Он тихо зарычал и повесил трубку.
Телефонные продажи! С такими людьми нужно сделать что-то ужасное.
Вдруг его охватило сомнение. Сегодня ведь воскресенье, правда? Уверенность вернулась при взгляде на воскресные газеты. Если «Санди Таймс» говорит, что сегодня воскресенье, можно быть уверенным, что они проверили эту информацию. А вчера была суббота. Ну конечно. Вчера была суббота, и он никогда до конца дней своих не забудет эту субботу, вот только бы вспомнить то, что он не собирался забыть…
Увидев, что стоит посреди кухни, Ньют решил приготовить завтрак.
Он старался двигаться как можно тише, чтобы не перебудить весь дом, и, разумеется, каждый звук был во много раз громче обычного. Дверь антикварного холодильника скрипела словно труба архангела в судный день. Из крана капало, словно из хомяка, объевшегося мочегонным, но шуму при этом было, как от гейзера «Старый Верный». И он не мог найти, где что лежит. В конце концов, как почти с самого начала времен делал любой[55] , кто когда-либо пытался позавтракать в одиночку на чужой кухне, он ограничился растворимым кофе – без молока и сахара.
На кухонном столе лежал неровный, переплетенный в кожу брикет угля. Ньют с трудом разобрал на обуглившейся обложке несколько букв: «Прекр… и Точ…». Вот что может сделать всего один день, подумал он: превратить самый точный справочник в угли для барбекю.
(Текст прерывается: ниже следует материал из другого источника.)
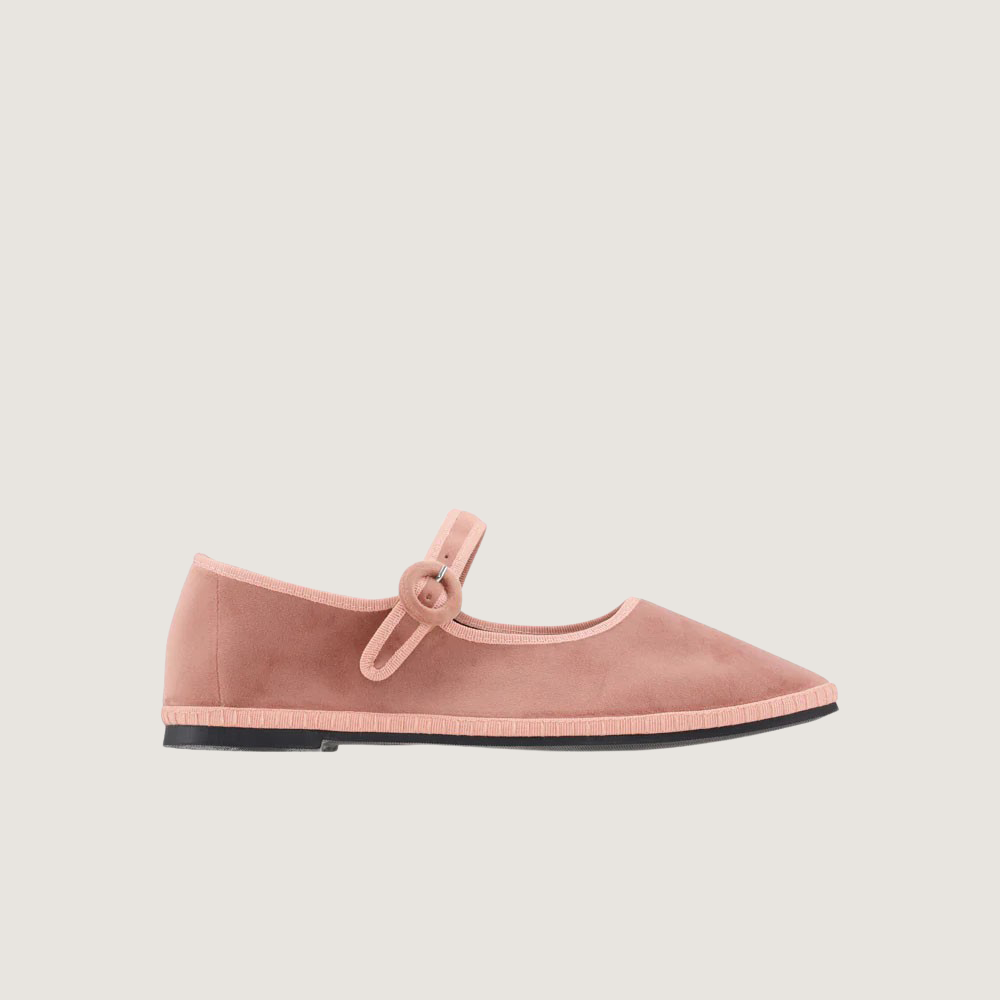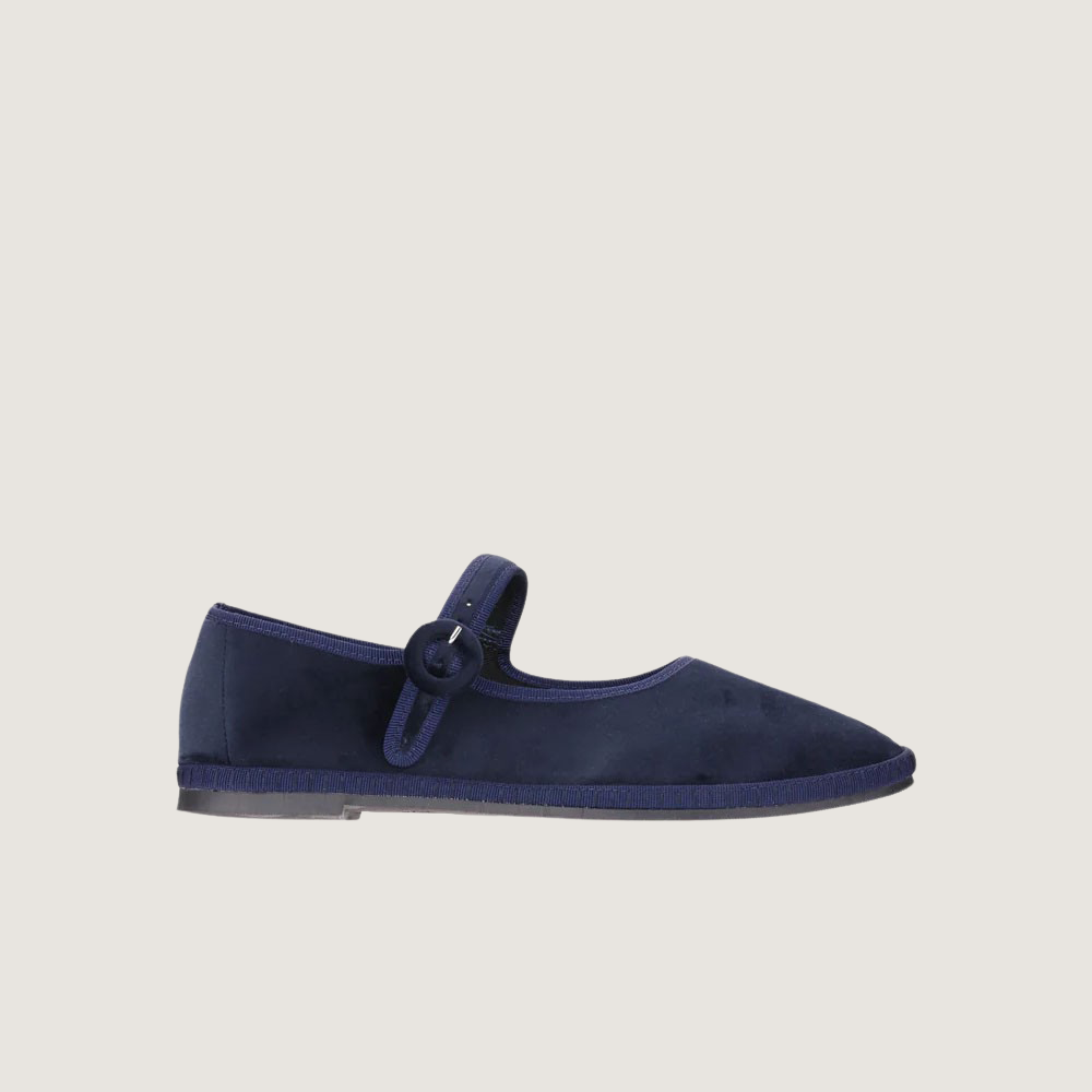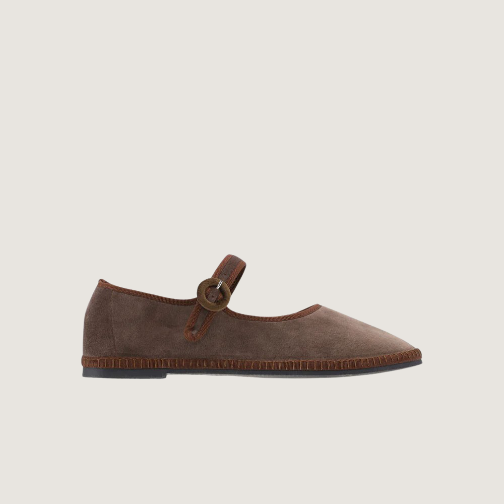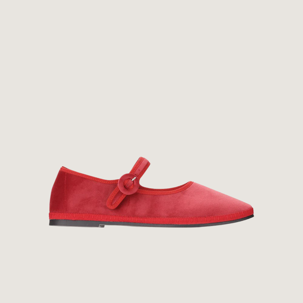 Description A take on a modern ballerina mixed with the classic features of a Mary Jane. The shoes have a flat sole with a small heel, a buckle closure over the foot, and a closed rounded toe.
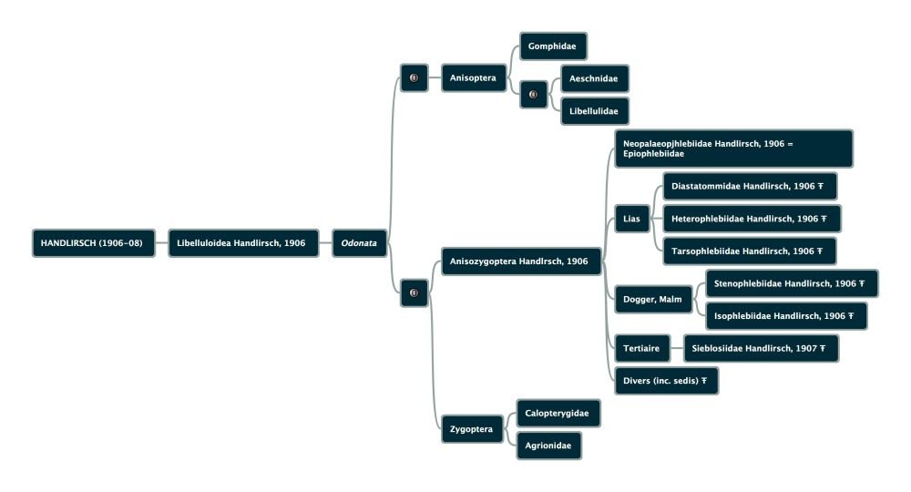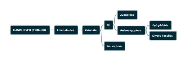 | 🔍 - Grands ensembles chez Odonates selon Handlirsch (op. cit.)[28] – Cette structure fondamentalement triparte restera en vigueur jusqu’en 2022[29], alors même qu’elle avait été déboutée par Nel & al. en 1993[30] |

Да, но: как же он к ним попал? Он вспомнил мужчину, который пах дымом и даже ночью не снимал темные очки. И что-то еще… как они бежали… ребят на велосипедах… отвратительное жужжание… детское лицо, внимательно смотревшее на него… Все это оставалось у него в памяти, не то что забытое, но навсегда повисшее на грани воспоминания, воспоминания о том, чего не произошло. Ну и как это могло быть?[56]